Thanks for sharing your config .
Sorry … I meant 20 peers to the relay nodes.
I already had the peers to my block producer limited to 3 (since we run 3 relay servers).

My Block Producer was running on 4 CPU / 16GB; I changed it to 8 CPU / 32GB but the results are the same.

I guess I’ll have to dig some more :wink:

Good people out there. Just now I have 80 missedSlots on 19h35min runtime. My gut feeling is that is way too much, but I’d love to see how I am doing compared to others. Could you share your missed slot numbers for reference.

0 missed slots on almost 44h runtime. Restarted with the epoch switch. Before that 0 missed slots for 5 days.

8 cores/ 32 GB ECC ram / 512 GB nvme

1 Like

IMO, it’s not so much the number, but the rate it increases over time once the first blocks are missed. It’s like the node is running into some critical state, where it’s no longer running without missing slots about every 30 min.

ATM, the problem goes away with the restart of the bp node, thus resetting from that critical state. As I said, I’ll add another (second) relay later this month. If that does not mitigate the situation, then IMO it makes sense to file an issue on github for cadrdano-node.

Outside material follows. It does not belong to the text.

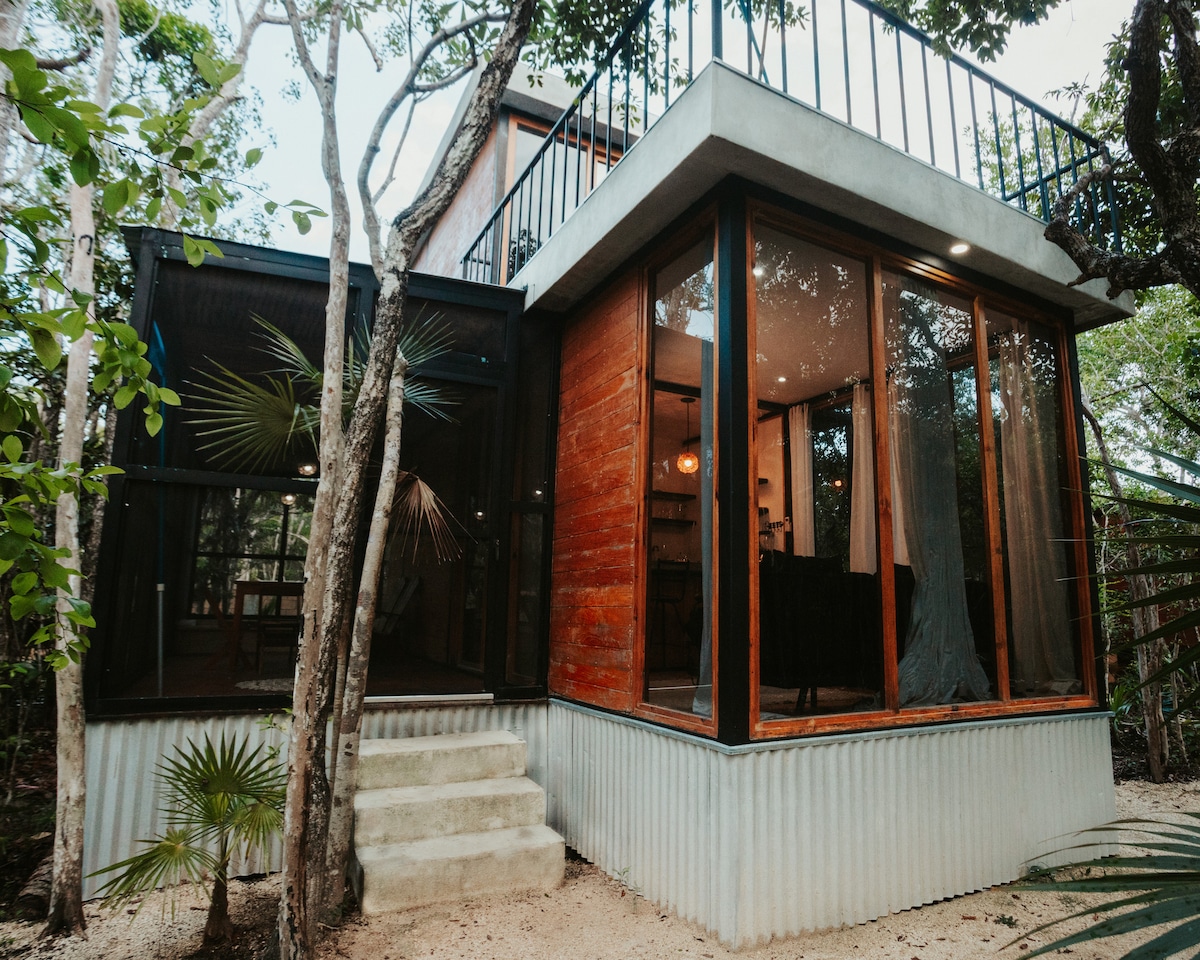 Come stay in your own rustic oasis in the Mayan Riviera landscape nestled in nature's mangroves of Tulum w/splash pool. One Bedroom first floor cabin unit in a jungle like setting in a gated area, but still located on the main rd of Carrillo Hwy 307/Carretera Tulum, just 5-10 mins from downtown w/panoramic views, 15 mins from Tulum's turquoise beaches & 20 mins from the Ruins! Sofa-bed in living room. Has high speed fiber-optic internet service. Many beautiful Cenotes to visit down the road!

And for 48 hours runtime, had 0 missed slots, until this morning. Then started getting 2 missed slots about every 2 or 3 hours. Two more missed slots a couple of minutes ago but load averages at 0 and memory usage looks normal (35%). Cloud metrics don’t show any spikes that coincide with the missed blocks. So, not an increasing rate of missed slots. Two relay nodes, bp running at 2 cpu 16gb ram. Is that enough, or is the true minimum system requirements higher than that?

I believe the recommended is still 16GB ram, but I would definitely try 4 core 16GB to see if you still have missed slots.

Thanks @QCPOLstakepool. I’ll give that a try. However not sure if I want to pay $120 per month for the cloud service, but will be interesting to see if it improves. I did turn tracemempool off and restarted. In the 16 hours since doing that and the restart, 6 missed slots.

Has anyone seen Network delay calculation based on logs ? Interesting script for getting delay metrics

image
image

Thanks. I’ll look into contabo. I’m currently running dedicated servers on DigitalOcean. I was influenced by https://docs.cardano.org/getting-started/guidelines-for-large-spos even though I’m a very small SPO, so I thought my nodes should not be on VPS. However, if a VPS at 8 vCPU/30 RAM is just as good if not better than a dedicated 4 vCPU/16 RAM, then it’s time to switch.

Should be enough for one server, use it if u have it!

Except for a 3-minute anomaly with a relay node following a topology updater update (140 missed slots) no missed slots since the 4 CPU resize. Over 24 hours have passed. Will keep monitoring. @Alexd1985 does your core node run on a Contabo VPS? Any issues with missed slots/blocks?